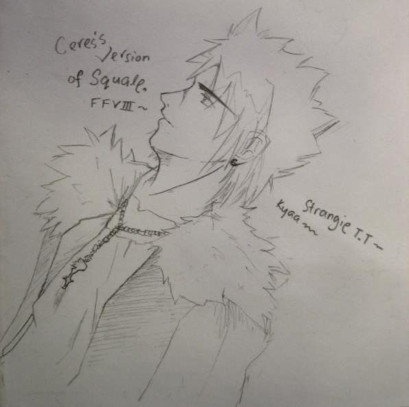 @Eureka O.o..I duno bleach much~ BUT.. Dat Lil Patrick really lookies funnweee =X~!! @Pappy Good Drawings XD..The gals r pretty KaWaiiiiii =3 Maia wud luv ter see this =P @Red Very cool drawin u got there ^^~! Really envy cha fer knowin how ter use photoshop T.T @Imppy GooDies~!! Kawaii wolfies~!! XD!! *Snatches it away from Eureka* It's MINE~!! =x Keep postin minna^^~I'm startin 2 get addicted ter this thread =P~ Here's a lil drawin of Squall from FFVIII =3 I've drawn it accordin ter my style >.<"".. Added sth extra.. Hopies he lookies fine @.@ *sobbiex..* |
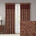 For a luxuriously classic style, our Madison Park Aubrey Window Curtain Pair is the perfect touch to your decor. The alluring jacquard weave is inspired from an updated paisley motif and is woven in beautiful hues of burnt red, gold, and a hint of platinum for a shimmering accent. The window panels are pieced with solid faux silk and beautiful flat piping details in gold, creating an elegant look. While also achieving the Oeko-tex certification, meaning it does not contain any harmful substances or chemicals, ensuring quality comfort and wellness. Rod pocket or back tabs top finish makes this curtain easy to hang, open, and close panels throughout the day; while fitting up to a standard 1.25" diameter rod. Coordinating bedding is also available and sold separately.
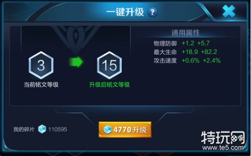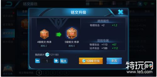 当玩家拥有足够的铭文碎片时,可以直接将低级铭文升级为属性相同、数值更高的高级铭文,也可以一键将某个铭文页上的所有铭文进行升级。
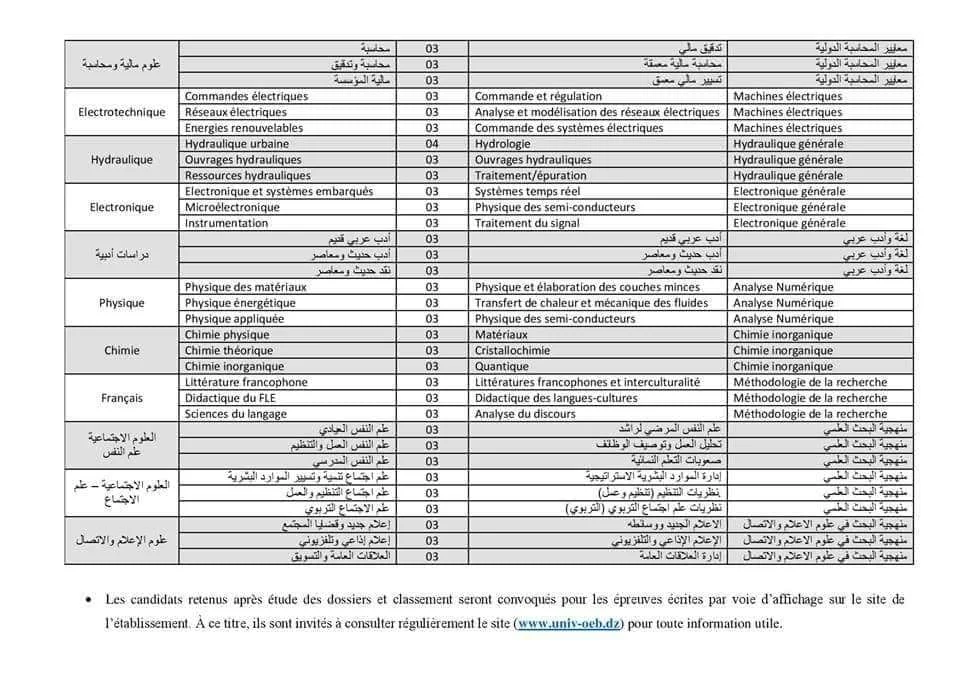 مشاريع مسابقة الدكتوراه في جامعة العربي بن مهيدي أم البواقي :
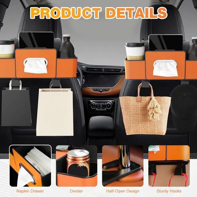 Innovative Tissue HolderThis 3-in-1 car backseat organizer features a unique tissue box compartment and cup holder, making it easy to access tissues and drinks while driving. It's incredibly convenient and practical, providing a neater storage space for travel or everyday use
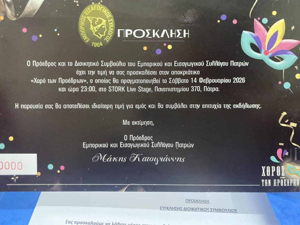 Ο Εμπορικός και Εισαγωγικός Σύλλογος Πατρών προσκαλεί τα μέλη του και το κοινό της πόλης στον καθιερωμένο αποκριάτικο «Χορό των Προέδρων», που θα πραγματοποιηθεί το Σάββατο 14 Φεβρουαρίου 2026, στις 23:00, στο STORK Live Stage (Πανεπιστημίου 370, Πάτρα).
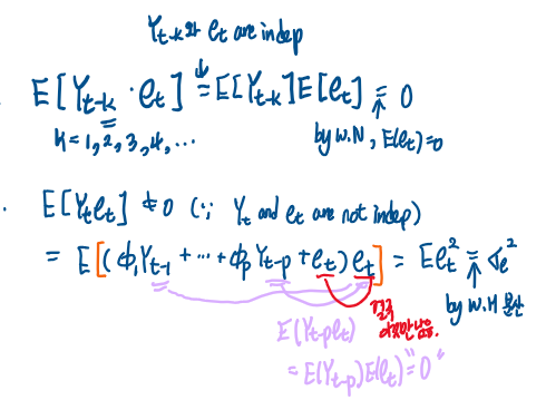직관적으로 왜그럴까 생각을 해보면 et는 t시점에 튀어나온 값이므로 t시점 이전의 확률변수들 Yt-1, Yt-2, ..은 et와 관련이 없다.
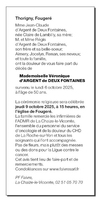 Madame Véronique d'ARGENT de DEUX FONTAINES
----
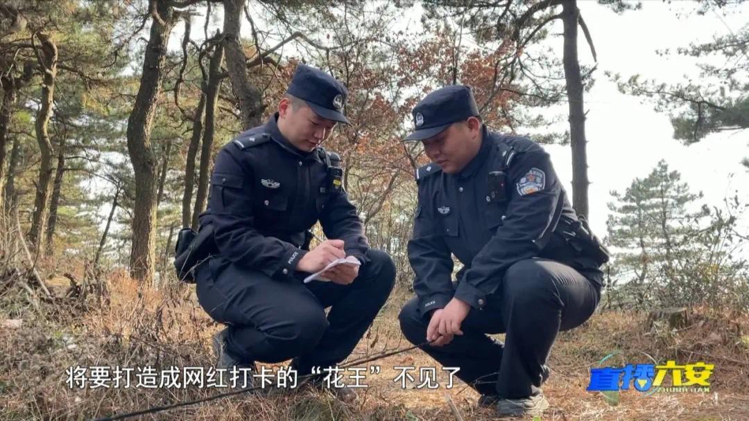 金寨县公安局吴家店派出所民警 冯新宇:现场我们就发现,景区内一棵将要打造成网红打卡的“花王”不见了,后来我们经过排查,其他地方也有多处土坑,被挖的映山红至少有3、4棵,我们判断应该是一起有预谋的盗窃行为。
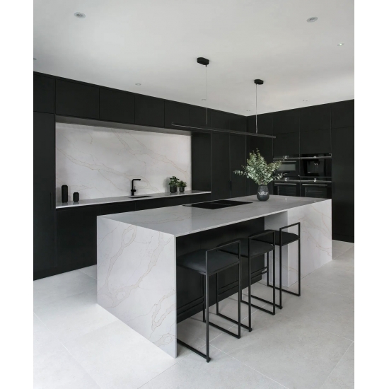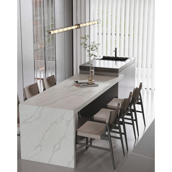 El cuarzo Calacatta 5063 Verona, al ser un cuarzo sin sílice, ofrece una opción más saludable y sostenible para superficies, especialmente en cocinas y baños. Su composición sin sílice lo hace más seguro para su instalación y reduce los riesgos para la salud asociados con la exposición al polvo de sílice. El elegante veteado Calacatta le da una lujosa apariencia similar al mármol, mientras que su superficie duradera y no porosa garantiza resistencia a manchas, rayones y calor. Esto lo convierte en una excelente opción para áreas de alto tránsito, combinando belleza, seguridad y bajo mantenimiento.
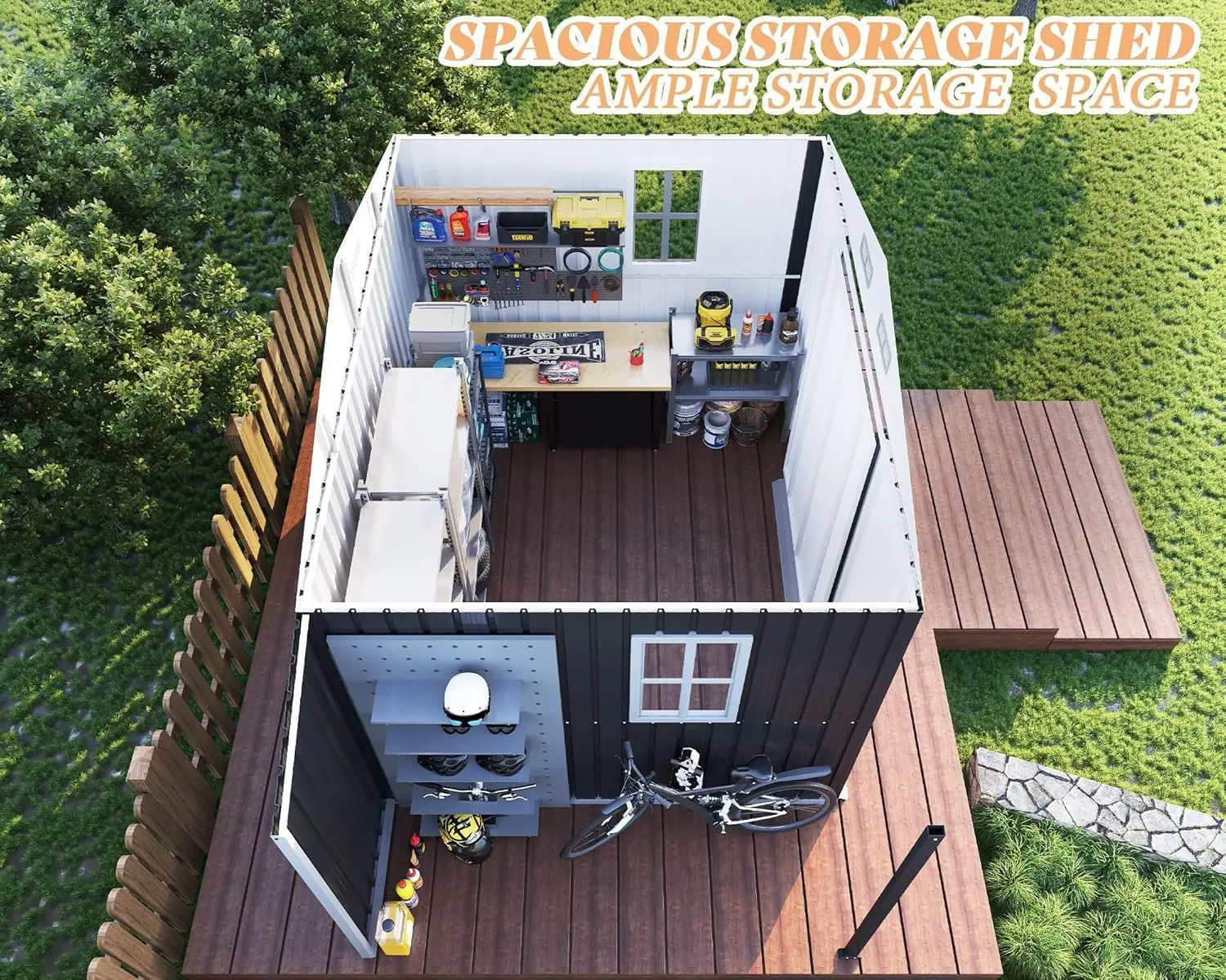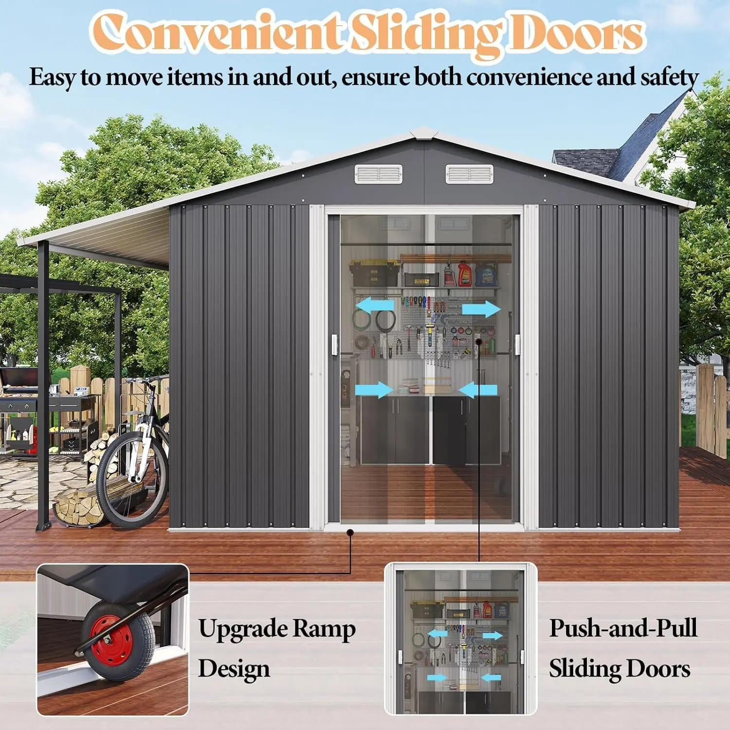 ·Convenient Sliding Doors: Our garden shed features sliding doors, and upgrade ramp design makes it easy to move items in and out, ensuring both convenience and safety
----
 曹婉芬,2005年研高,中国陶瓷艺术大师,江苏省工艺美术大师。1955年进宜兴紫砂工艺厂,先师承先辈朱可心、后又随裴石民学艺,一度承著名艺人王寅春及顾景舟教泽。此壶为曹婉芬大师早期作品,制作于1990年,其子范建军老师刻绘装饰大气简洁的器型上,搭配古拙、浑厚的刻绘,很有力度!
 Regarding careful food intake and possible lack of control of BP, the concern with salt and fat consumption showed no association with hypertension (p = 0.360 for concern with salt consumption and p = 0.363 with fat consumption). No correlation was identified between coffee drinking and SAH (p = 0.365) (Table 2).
----
From the material above, output only the span of lines that starts at the one containing "fine @.@ *sobbiex..* |" and finishes at the one containing "مشاريع مسابقة الدكتوراه", word for word and free of pictures.

 @Eureka O.o..I duno bleach much~ BUT.. Dat Lil Patrick really lookies funnweee =X~!! @Pappy Good Drawings XD..The gals r pretty KaWaiiiiii =3 Maia wud luv ter see this =P @Red Very cool drawin u got there ^^~! Really envy cha fer knowin how ter use photoshop T.T @Imppy GooDies~!! Kawaii wolfies~!! XD!! *Snatches it away from Eureka* It's MINE~!! =x Keep postin minna^^~I'm startin 2 get addicted ter this thread =P~ Here's a lil drawin of Squall from FFVIII =3 I've drawn it accordin ter my style >.<"".. Added sth extra.. Hopies he lookies fine @.@ *sobbiex..* |
 For a luxuriously classic style, our Madison Park Aubrey Window Curtain Pair is the perfect touch to your decor. The alluring jacquard weave is inspired from an updated paisley motif and is woven in beautiful hues of burnt red, gold, and a hint of platinum for a shimmering accent. The window panels are pieced with solid faux silk and beautiful flat piping details in gold, creating an elegant look. While also achieving the Oeko-tex certification, meaning it does not contain any harmful substances or chemicals, ensuring quality comfort and wellness. Rod pocket or back tabs top finish makes this curtain easy to hang, open, and close panels throughout the day; while fitting up to a standard 1.25" diameter rod. Coordinating bedding is also available and sold separately.
 当玩家拥有足够的铭文碎片时,可以直接将低级铭文升级为属性相同、数值更高的高级铭文,也可以一键将某个铭文页上的所有铭文进行升级。
 مشاريع مسابقة الدكتوراه في جامعة العربي بن مهيدي أم البواقي :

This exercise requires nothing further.